In the Category I, there are seven Basins namely Cambay, Assam Shelf, Bombay Offshore, Krishna Godavari, Cauvery, Assam Arakan Fold Belt and Rajasthan covering a total area of 9,98,325 square kms that have been under commercial production since 1958. It is the Category I Basins that today produce virtually all of India’s crude. And if the domestic production is to be increased, it is only the Category I Basins from where it would need to be optimized. However, that seems like an improbable task; the cumulative production that was 20.8 MMT in 2014-15 in the Category I Basins had sharply declined to 18.50 MMT, by nearly 7.7 per cent in 2021-22.

Like flogging a dead horse

THE reasons are obvious. Most of the onshore fields of ONGC are more than 50 years old with declining yields. The high producing Bombay Offshore fields too are 46 years old. Thus even to bring about any incremental increase in the production of these ageing fields is like flogging a dead horse.

In the Category II with a total Basinal area of 7,80,974 square kms, roughly 23 per cent, there are five Basins viz Vindhyan, Kutch, Saurashtra, Mahanadi and the Andaman Islands that have known accumulation of hydrocarbons.

The Category III with 14 Basins cover a total area of 15,86,150 square kms or 47 per cent. These are Kerala-Konkan, Bengal, Ganga, Pranhita-Godavari, Satpura-South Rewa and Damodar, Himalayan Foreland, Chhattisgarh, Narmada, Deccan, Bastar et al. Even though the Bengal onland field has recently been put on commercial production, it is not expected to add much to India’s domestic oil kitty.

Thus in desperation, ONGC Board at its meeting on 26th May firmed up its “Future Exploration Strategy” that would further explore the Indian Sedimentary Basins over the following three fiscal years 2022-2025 at a cost of Rs 31,000 crore for discovering additional ‘Fuel Reserves’. It is beyond one’s comprehension why ONGC has earmarked the enormous amount of Rs 31,000 crore on ‘further exploring the Indian Sedimentary Basins’ when it has already explored to its bone the Category I Basins.
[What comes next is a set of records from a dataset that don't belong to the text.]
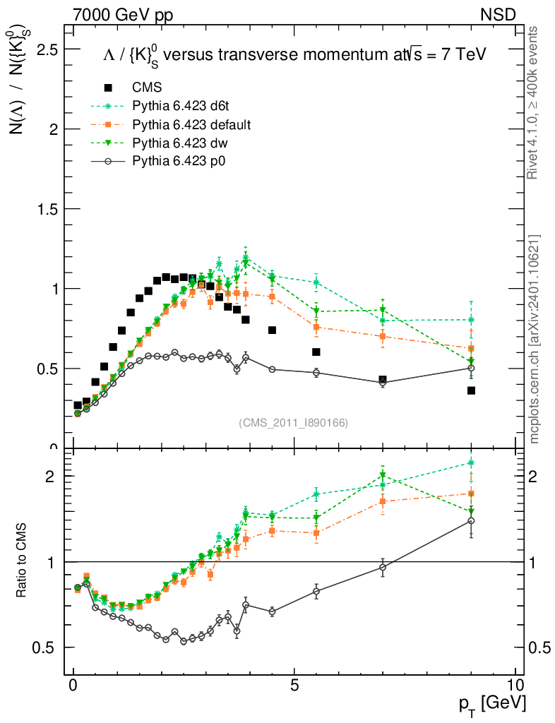 Soft QCD (nsd only) : Identified Particles : Ratios : Λ/K0S vs pT
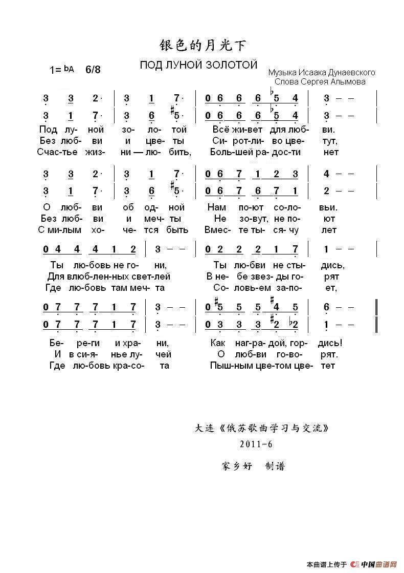 银色的月光下ПОД ЛУНОЙ ЗОЛОТОЙ(中俄简谱)相关五线谱
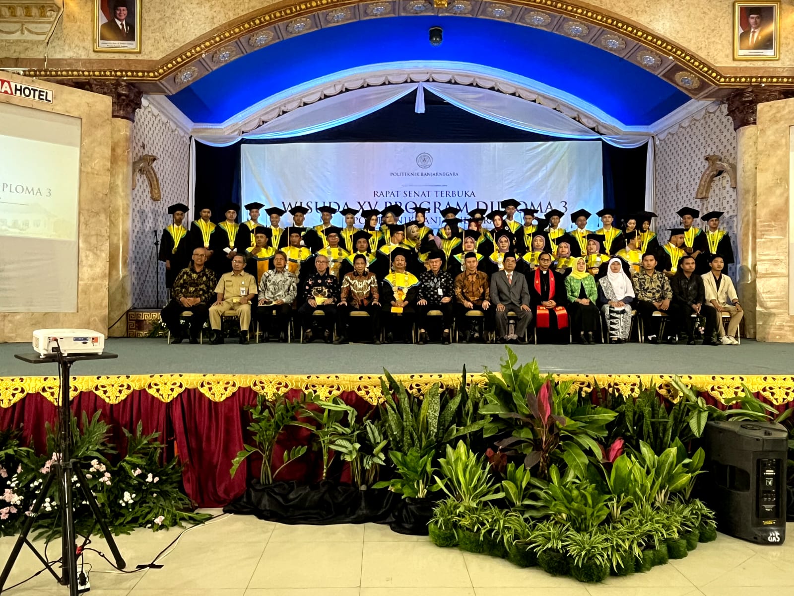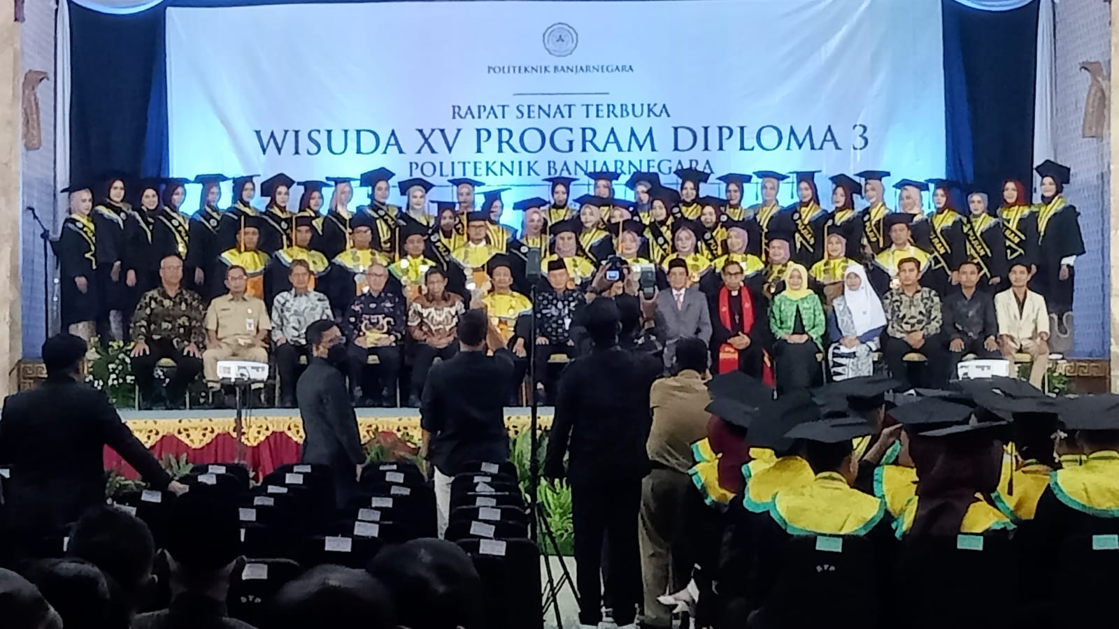 Wisuda ke-15 ini turut dihadiri Sekretaris Daerah Kabupaten Banjarnegara, Drs. Indarto, M.Si., yang hadir mewakili Bupati Banjarnegara. Dalam sambutannya, Indarto mengapresiasi pencapaian Politeknik Banjarnegara yang terus meningkatkan kualitas dan jumlah lulusannya.
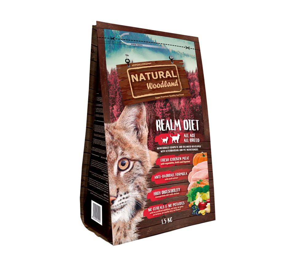 Natural Woodland Realm Diet е пълноценна, хипоалергенна, високо смилаема храна с прясно пилешко
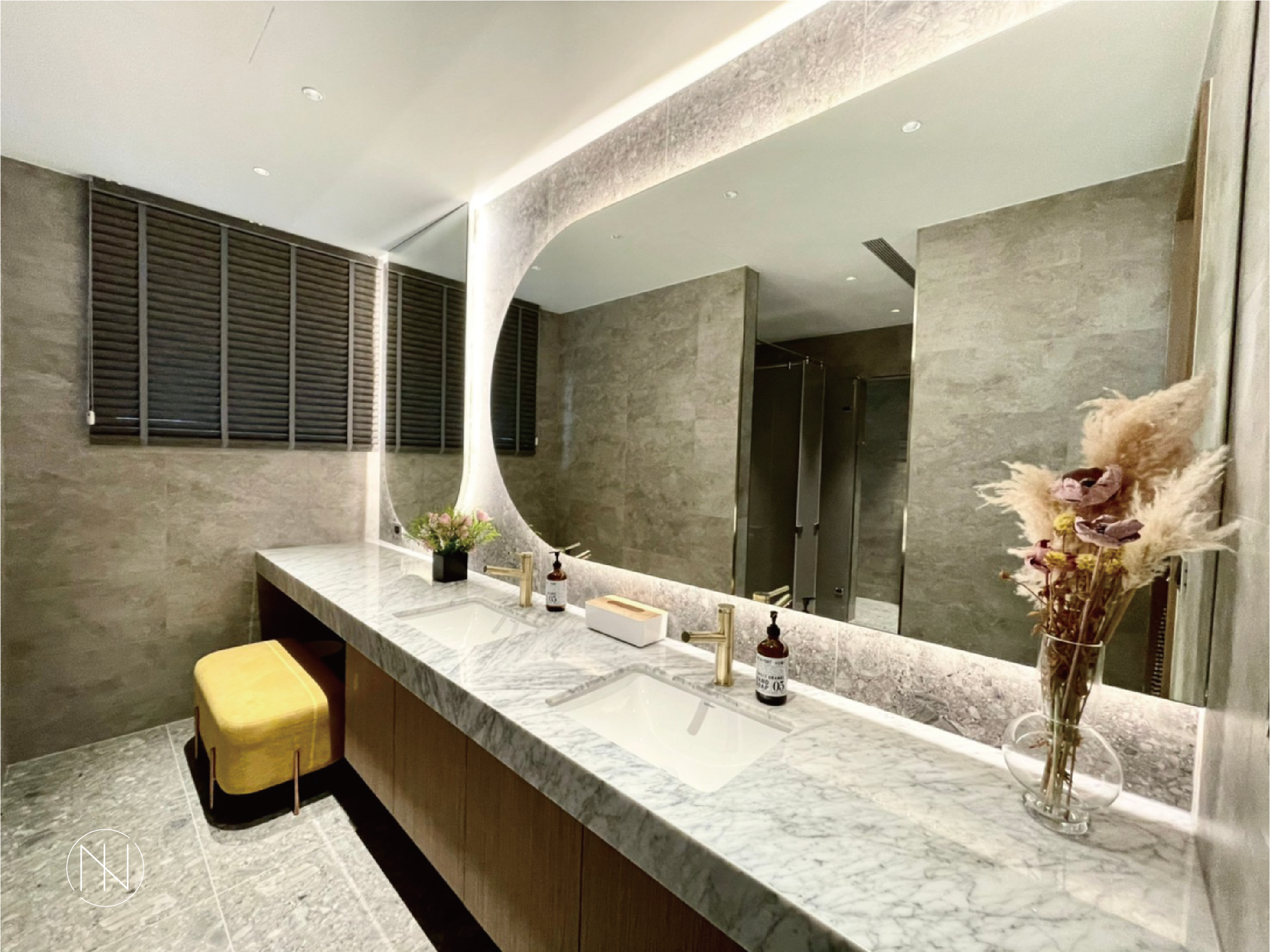 柔和了大理石與金屬較堅硬冰冷的感受。
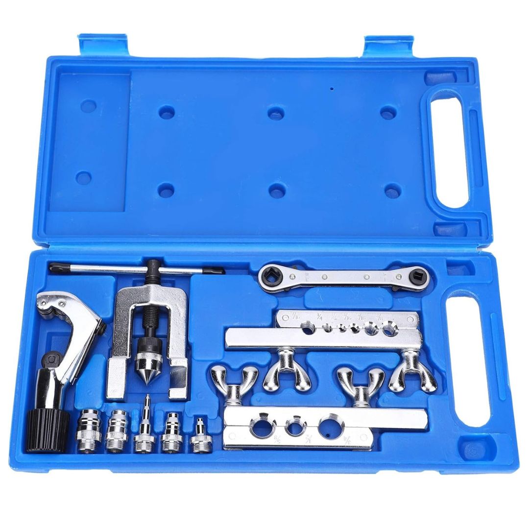 ✅ Κατασκευασμένο από ανθεκτικό χάλυβα και αλουμίνιο υψηλής αντοχής, περιλαμβάνει όλα τα απαραίτητα εργαλεία για τη δημιουργία φλάντζας 45°, τη διεύρυνση και την ακριβή προσαρμογή σωλήνων διαφορετικών διαμέτρων.
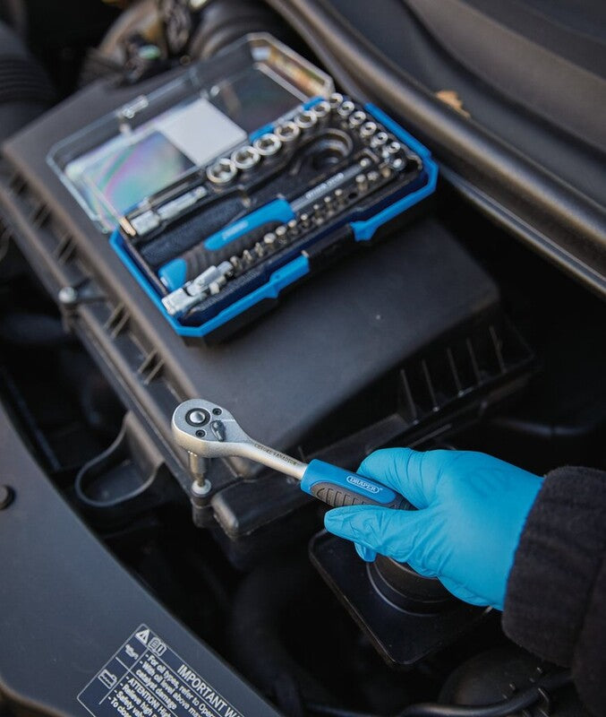 This 1/4 "sq. Dr. Socket Set Includes A 146mm 72-TOOD REVERSIBLE Quick-release Ratchet, plus a Selection of Sockets, Screwdriver Bits and Hex Keys. All of the Tools in This Set Are Manufactured A HACE PACES For Extra Grip. The Ratchet and Spinner Both have a Soft Grip for Added Comfort During Prolonged.
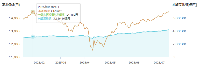 まずは騰落率と純資産総額の変化を確認します。
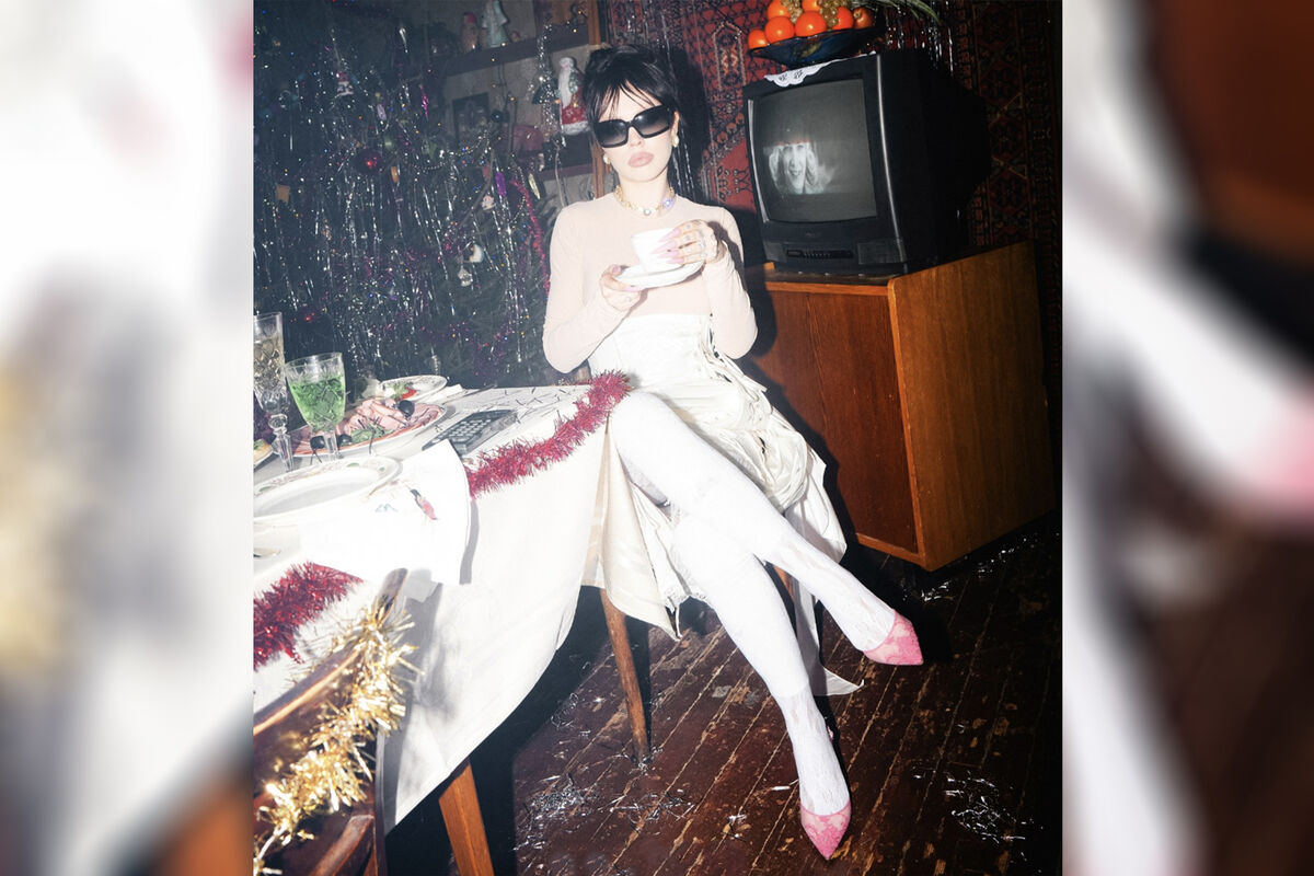 24-летняя певица позировала в кремовом лонгсливе, юбке и розовых балетках из кружева. Волосы она уложила в низкий пучок и сделала макияж в советском стиле. Съемка прошла в интерьере со старинным телевизором, елкой с советскими игрушками и дождиком и стульями, украшенными мишурой. Снимки она также состарила с помощью фильтров.
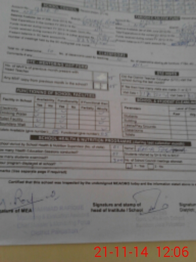 | Certified that this School was Inspected by the Undersigned MEA/DMO Today and the Information Stated Above is as Per Record. | |||||

Here it needs to be pointed out that it is the only Category I Basins that have enough oil and gas reserves. The remaining Basins in Category II and III barely have any oil and gas reserves to write about.

What is the way out for ONGC?

WHAT is then the way out for ONGC? It is here that ONGC’s wholly-owned subsidiary ONGC Videsh Limited (OVL) needs to be further strengthened and made more aggressive in its overseas operations. Currently OVL has its footprints in 15 countries such like Brazil, Colombia, Bangladesh, Azerbaijan, Libya, Myanmar, Russia, South Sudan, Syria, Vietnam et al. It has developed strong partnership alliance with a host of International and National Oil Companies such as ExxonMobil, British Petroleum, Petrobras, Rosneft, Petro Vietnam, Petronas, Abu Dhabi National Oil Company et al.

Fortuitously, ONGC Videsh has already developed oil and gas production from 14 of its Assets. In four of these Assets, hydrocarbons have been discovered, and are at various stages of development. Now under the leadership of its dynamic new managing director Rajarshi Gupta, OVL is bound to go places. Thus what ONGC now needs is to take a piggyback ride on OVL’s back and convert itself into a major international oil operator and substantially expand its presence in most of these countries.